Leaving out all images, write out the records that follow exactly.

--- Study material ---

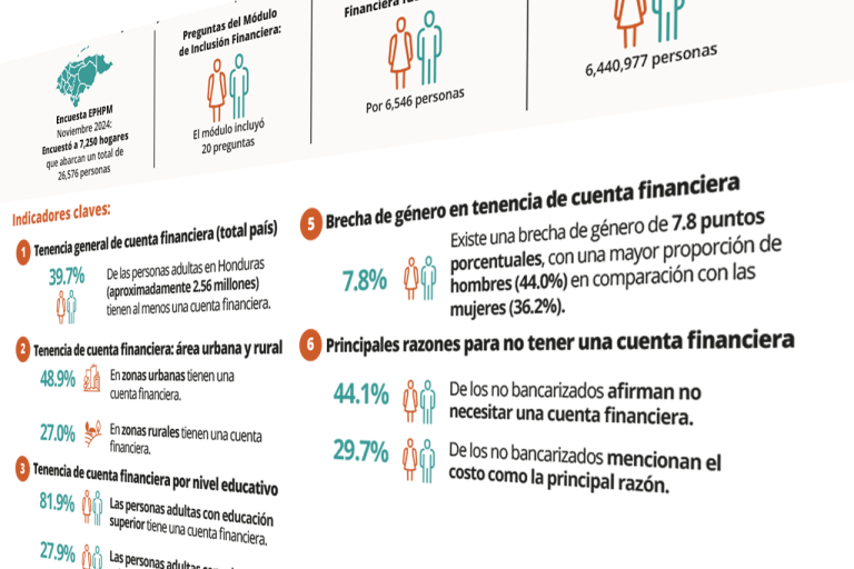 La Comisión Nacional de Bancos y Seguros (CNBS) y el Instituto Nacional de Estadística (INE), con el respaldo técnico y financiero del Banco Interamericano de Desarrollo (BID) y de ONU Mujeres (en el marco del programa MELYT II, financiado por el Ministerio de Asuntos Exteriores y de la Cooperación Internacional de Italia (MAECI), a través de la Agencia Italiana de Cooperación para el Desarrollo (AICS), y del programa Ecosistema Financiero Inclusivo (EFI), apoyado por la cooperación del Gran Ducado de Luxemburgo), presentan los resultados del Módulo de Inclusión Financiera, elaborado a partir de los datos recolectados en la Encuesta Permanente de Hogares de Propósitos Múltiples (EPHPM) 2024.
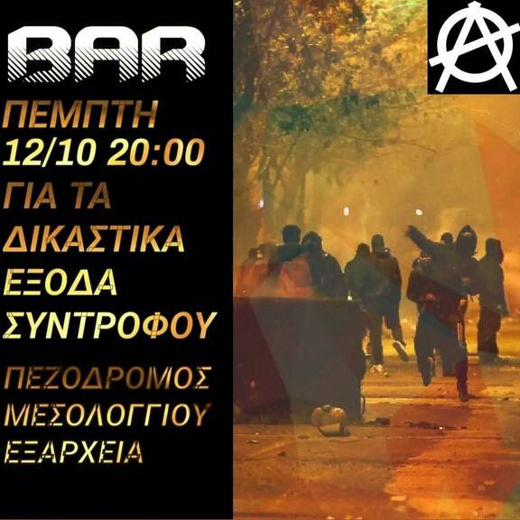 Bar για τα δικαστικά έξοδα συντρόφου, στον πεζόδρομο της Μεσολογγίου στα Εξάρχεια, την Πέμπτη 12 Οκτώβρη στις 20:00.
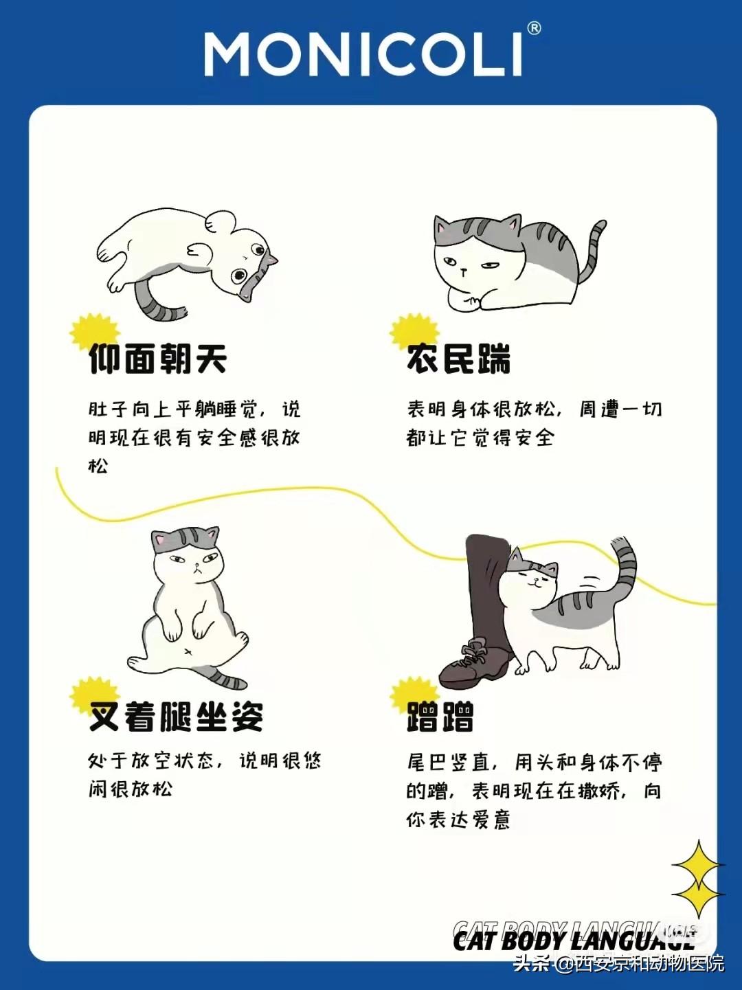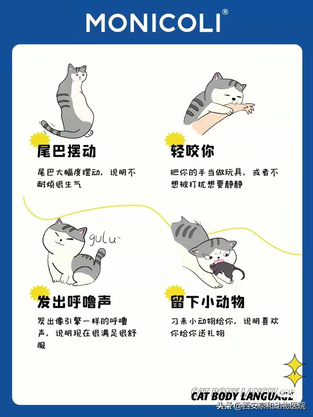 时间: 2023-12-06 14:10:01前面分享过狗狗的18种肢体语言,很多粉丝要求出一期猫猫的肢体语言解读,今天我们一起来看看猫咪的20种肢体语言。
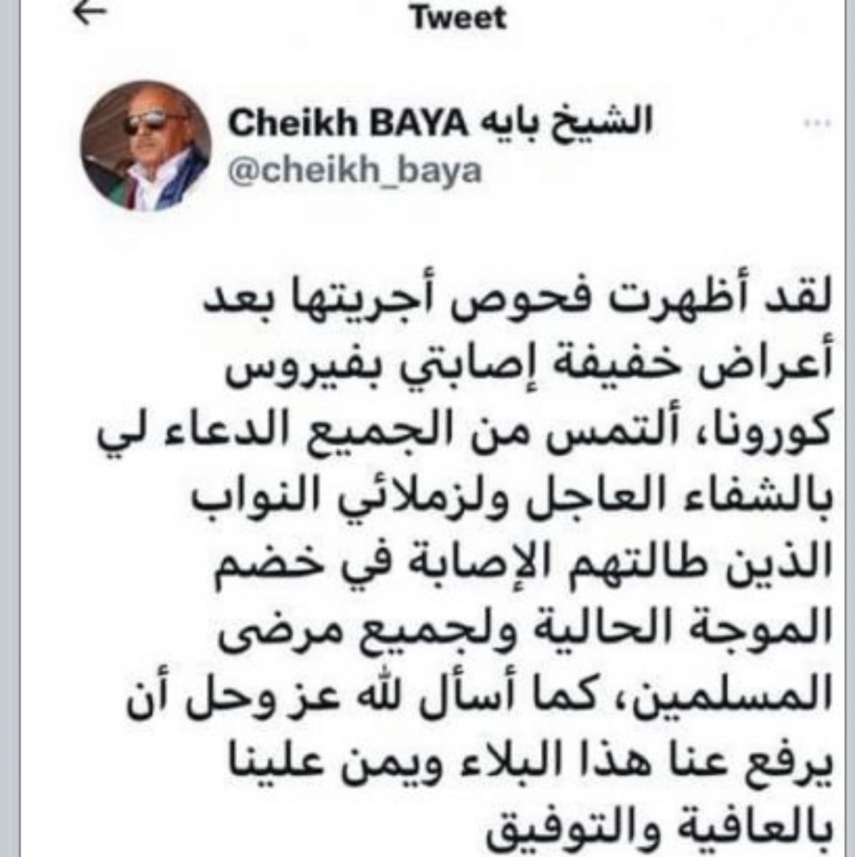 كشف رئيس الجمعية الوطنية الشيخ ولد بايه عن إصابته بفيروس كورونا، وأضاف ولد بايه في تغريدة نشرها اليوم الثلاثاء على تويتر كشف أنه يعاني "بعض الأعراض" وطالب الجميع بالدعاء له بالشفاء، وكشف ولد بايه في التغريدة ذاتها عن إصابة نواب في البرلمان بهذا الفيروس دون أن يذكر أسماءهم متمنيا لهم الشفاء ولجميع المواطنين الذين أصيبوا بهذا الفيروس.
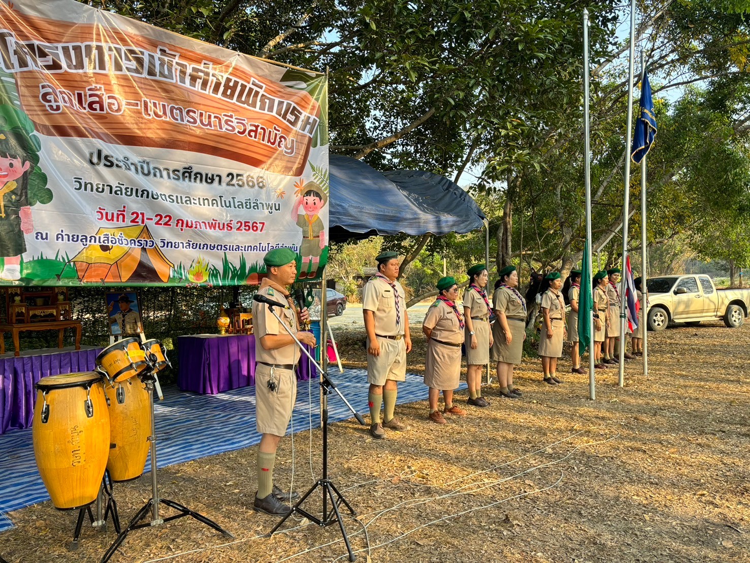 วันที่ 21-22 กุมภาพันธ์ 2567 ดร.จักรกฤษณ์ ทิพเลิศ ผู้อำนวยการวิทยาลัยเกษตรและเทคโนโลยีพูน พร้อมด้วยคณะผู้บริหาร คณะครู บุคลากรทางการศึกษา จัดกิจกรรมโครงการเข้าค่ายพักแรม ลูกเสือ – เนตรนารีวิสามัญ ประจำปีการศึกษา 2566 ณ ค่ายลูกเสือชั่วคราว วิทยาลัยเกษตรและเทคโนโลยีลำพูน
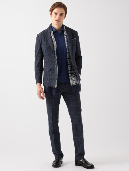 メランジ調のチェックやテキスタイルプリントをあしらうことで高級感を演出したクールジャージー素材を採用。オリジナルの裏地がアクセントになっています。内ポケットには抗菌性のあるスレキを使用しており、マスク入れとしてご活用いただけます。

---

→ **Answer area**:
 La Comisión Nacional de Bancos y Seguros (CNBS) y el Instituto Nacional de Estadística (INE), con el respaldo técnico y financiero del Banco Interamericano de Desarrollo (BID) y de ONU Mujeres (en el marco del programa MELYT II, financiado por el Ministerio de Asuntos Exteriores y de la Cooperación Internacional de Italia (MAECI), a través de la Agencia Italiana de Cooperación para el Desarrollo (AICS), y del programa Ecosistema Financiero Inclusivo (EFI), apoyado por la cooperación del Gran Ducado de Luxemburgo), presentan los resultados del Módulo de Inclusión Financiera, elaborado a partir de los datos recolectados en la Encuesta Permanente de Hogares de Propósitos Múltiples (EPHPM) 2024.
 Bar για τα δικαστικά έξοδα συντρόφου, στον πεζόδρομο της Μεσολογγίου στα Εξάρχεια, την Πέμπτη 12 Οκτώβρη στις 20:00.
 时间: 2023-12-06 14:10:01前面分享过狗狗的18种肢体语言,很多粉丝要求出一期猫猫的肢体语言解读,今天我们一起来看看猫咪的20种肢体语言。
 كشف رئيس الجمعية الوطنية الشيخ ولد بايه عن إصابته بفيروس كورونا، وأضاف ولد بايه في تغريدة نشرها اليوم الثلاثاء على تويتر كشف أنه يعاني "بعض الأعراض" وطالب الجميع بالدعاء له بالشفاء، وكشف ولد بايه في التغريدة ذاتها عن إصابة نواب في البرلمان بهذا الفيروس دون أن يذكر أسماءهم متمنيا لهم الشفاء ولجميع المواطنين الذين أصيبوا بهذا الفيروس.
 วันที่ 21-22 กุมภาพันธ์ 2567 ดร.จักรกฤษณ์ ทิพเลิศ ผู้อำนวยการวิทยาลัยเกษตรและเทคโนโลยีพูน พร้อมด้วยคณะผู้บริหาร คณะครู บุคลากรทางการศึกษา จัดกิจกรรมโครงการเข้าค่ายพักแรม ลูกเสือ – เนตรนารีวิสามัญ ประจำปีการศึกษา 2566 ณ ค่ายลูกเสือชั่วคราว วิทยาลัยเกษตรและเทคโนโลยีลำพูน
 メランジ調のチェックやテキスタイルプリントをあしらうことで高級感を演出したクールジャージー素材を採用。オリジナルの裏地がアクセントになっています。内ポケットには抗菌性のあるスレキを使用しており、マスク入れとしてご活用いただけます。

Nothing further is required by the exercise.